On the 20th anniversary of the Task Force's departure for the Falklands, Glen Reynolds argues that the determination to recapture the islands had more to do with politics than freedom.

THE Falklands War was about the protection of British interests concerning Antarctic oil and moreover, in the midst of riots and instability in Britain, the preservation of a further Thatcherite term of office. It had nothing to do with the rights of some 1,800 islanders.

By the early 1980s international opinion was gearing itself up for the dismantling of old empires, which included (for the vast majority of the British population) the previously unidentifiable islands of the Falklands and South Georgia.

Discussions over sovereignty were under way. The resultant conflict was the outcome of two major miscalculations, by the British (for which Lord Carrington nobly resigned over a Foreign Office failure to foresee the invasion) and General Galtieri, who had announced on Argentinian television that a nation such as Britain with two women in charge, the Queen and Margaret Thatcher, would not risk the lives of its servicemen and women. How wrong he was.

The war cost Britain 255 men, six ships (ten others were badly damaged), nine Harriers and £1.6bn. The Tory Government was re-elected the following year with a landslide and in a spirit of jingoistic nationalism, and the economy started to improve.

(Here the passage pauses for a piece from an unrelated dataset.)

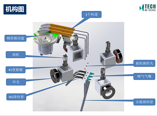 在藥粒檢測過程中,需進(jìn)行藥粒上白點(diǎn)、藥粒圓不圓、藥粒的粘連、藥粒的色澤正確等功能,檢測完成后輸出OK、NG信號(hào),在排廢位進(jìn)行剔除動(dòng)作。系統(tǒng)采用進(jìn)口工業(yè)相機(jī)快速獲取產(chǎn)品圖像,通過圖像識(shí)別、分析和計(jì)算,輸出檢測信號(hào)。 二、【藥粒檢測系統(tǒng)結(jié)構(gòu)圖】

Even the Labour leader, Michael Foot, a Quaker educated CND member, was in favour of the military action.

I believe that the mishandling of the unofficial and undeclared war was illustrated by the war crime sinking of the Argentinian flagship General Belgrano, which, in the single most isolated and costly incident of the war, resulted in the loss of 323 Argentinian sailors. Who can forget the rare flustering of Thatcher on BBC's Nationwide by a woman who questioned the PM as to why the ship was sunk as it was turning away from the "exclusion zone"?

Two years ago, the Human Rights Court in Strasbourg threw out an application by relatives of the dead sailors on a technicality regarding the lateness of the petition.

In 1999, one of the long-standing opponents of the war, Tam Dalyell, visited the President of Peru as part of a delegation to reflect upon the failed peace talks of 1982. Dalyell reported that the President had confirmed his own account of the scuppered peace talks. "He confirmed exactly what I had said in 1984, the purpose in sinking the Belgrano 36 hours after she was first sighted by HMS Conqueror on a west-north-west course of 270 degrees (travelling away from the islands) was to scupper the Peruvian peace proposals. Mrs Thatcher did not want to be denied a military victory which was what the Falklands War was about."

What we can learn from the Falklands War is that power corrupts, that the first casualty of war is the truth, and many of our brave serviceman died over an island 8,000 miles away, in relation to a dispute which will one day be settled amicably in a passing footnote of history and a re-interpretation of the sovereignty issue.